Technology creates such a competitive advantage for franchisors who are able to capitalize on innovations early on.

“I was sitting next to a technology installer a couple of weeks ago who was a project lead for McDonald’s facial recognition tech,” Gerson said. “Now, every time a customer goes to order, the technology detects who they are and what they’ve purchased previously to speed up the order process should they order the same things regularly. While the cost of technology might increase fees for franchisees, imagine not having that sort of fee and being unable to compete against this type of technology.”

For potential buyers, the alternative to buying into a franchise with higher fees could land them with a business yielding smaller revenue generation and into a system with no marketing and no brand awareness or support. Be cognizant of what a small marketing fee gets you—do your homework to ensure you’re not doing a disservice to yourself for the lower price point.

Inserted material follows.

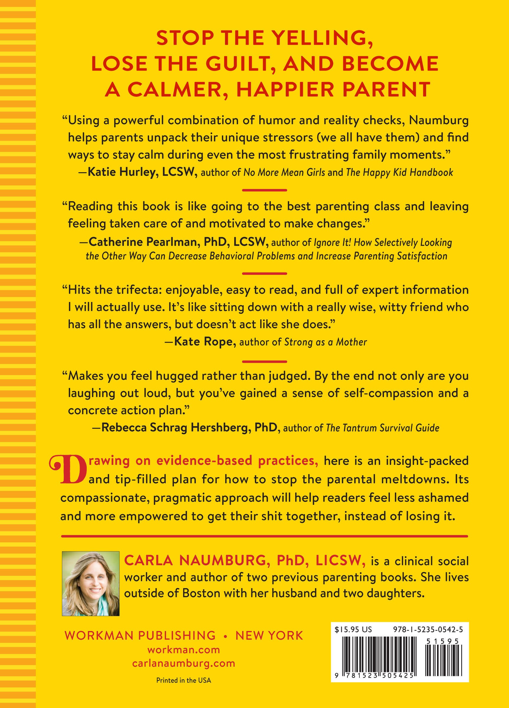 “Using a powerful combination of humor and reality checks, Naumburg helps parents unpack their unique stressors (we all have them) and find ways to stay calm even the most frustrating of family moments.” —Katie Hurley, LCSW, author of No More Mean Girls and The Happy Kid Handbook
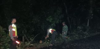 Anggota Polsek Senori Polres Tuban Polda Jatim Evakuasi Pohon Tumbang Di Jalan Desa Jatisari

Citing FranConnect data, Gerson had this to say: “More than 80% of franchisors don’t believe they are requiring franchisees to pay enough to compete locally in their market. Nobody would say that 2% of revenues is enough to drive brand awareness. Greater brand awareness means there is less marketing needed at the local level. 72% of franchisors charge advertising fees, but potential buyers should be concerned about the 28% who don’t, as that’s just a cost of doing business.”

Innovations in technology, marketing campaigns, real estate support and more can all lead to increased costs for buying into a franchise business. However, these fees can often be a necessity for those looking to run a successful business, as companies are fighting daily to stay competitive within their industries. The more a franchisee invests in a franchisor, the more that company can invest in owners system-wide to help drive profitability.